Plaintiffs assert that the LA contains confidential, commercially sensitive details of plaintiffs' financial and competitive business information, specifically the financing terms for the loans that plaintiffs provided to defendants, the disclosure of which could cause plaintiffs competitive harm. Thus, plaintiffs claim that good cause exists to seal the LA in order to protect their business.

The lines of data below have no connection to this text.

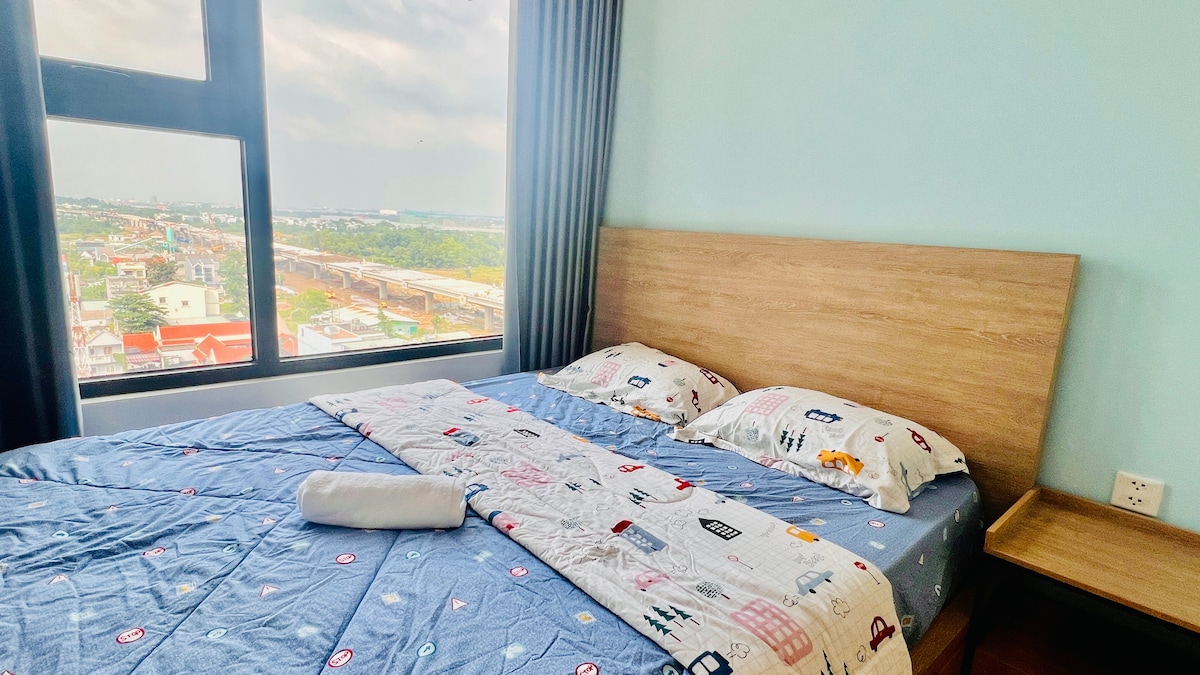 💐Welkom bij Gold's House, je perfecte uitje in het bruisende hart van Vinhomes Grand Park HCM. Mijn appartement is gelegen op de 20e verdieping van het BS7 Beverly-gebouw met uitzicht op het binnenzwembad van de oase, een spectaculair uitzicht op de rivier de Dong Nai, wat zorgt voor een rustig, ontspannend en fris landschap om je elke ochtend te verwelkomen. De appartementsruimte is van ruim en ontworpen om je comfort te bieden, met grote ramen, voldoende ruimte en een grote tv voor entertainment. Het appartement heeft een volledig uitgeruste eigen keuken waar je kunt koken
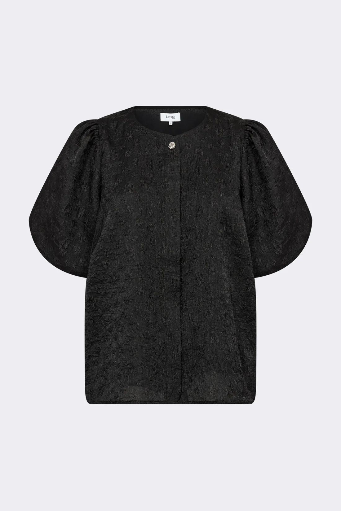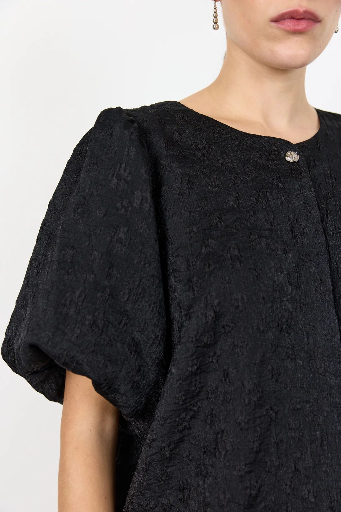 LR-ORIT 2-blusen er laget av 81 % polyester, 19 % polyamid. Den har rund hals, en flott knappelukking foran og korte puffermer med teksturert stoff. Kombiner den med skreddersydde bukser eller et blyantskjørt for et elegant utseende.
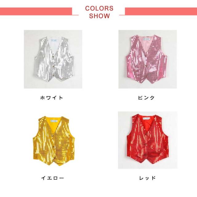 ステージ衣装 ベスト キッズ ダンス衣装 子供服 冬 ショート丈 キッズダンス タンクトップ キラキラ 前開きベスト 舞台衣装 トップス スパンコール 派手 夏 子ども服 キッズ ダンス衣装 衣装 春 ステージ衣装 秋 大きいサイズ

The court finds that plaintiffs' application comports with the applicable sealing standards as set forth in Mosallem (76 AD3d 345). The LA contains extensive sensitive, nonpublic financial information that could threaten plaintiffs' competitive advantage and therefore warrants protection (see id.; see also Spot & Co. of Manhattan, Inc. v Rudin, 2022 NY Slip Op 33980[U] [Sup Ct, NY County 2022]). Further, the court finds no compelling public interest in the financial terms discussed in the LA (see Dawson, 184 AD2d 246) and, with no stated opposition in this record indicating otherwise, the LA should be sealed.
Accordingly, it is
ORDERED that motion seq. no. 001 is granted, and plaintiffs shall file a copy of the LA (NYSCEF Doc. Nos. 11 and 19) by March 25, 2023, redacted to the extent that it concerns confidential financial terms for the loans plaintiffs provided to defendants; and it is further
ORDERED that the New York County Clerk, upon service to him of this order by movant, shall seal NYSCEF Doc. Nos. 11 and 19; and it is further
ORDERED that the New York County Clerk shall restrict access to the sealed documents with access to be granted only to authorized court personnel and designees, the parties and counsel of record in the above-captioned action, and any representative of a party or of counsel of record upon presentation to the County Clerk of written authorization from [*3]counsel; and it is further
DATE March 11, 2024ROBERT R. REED, J.S.C.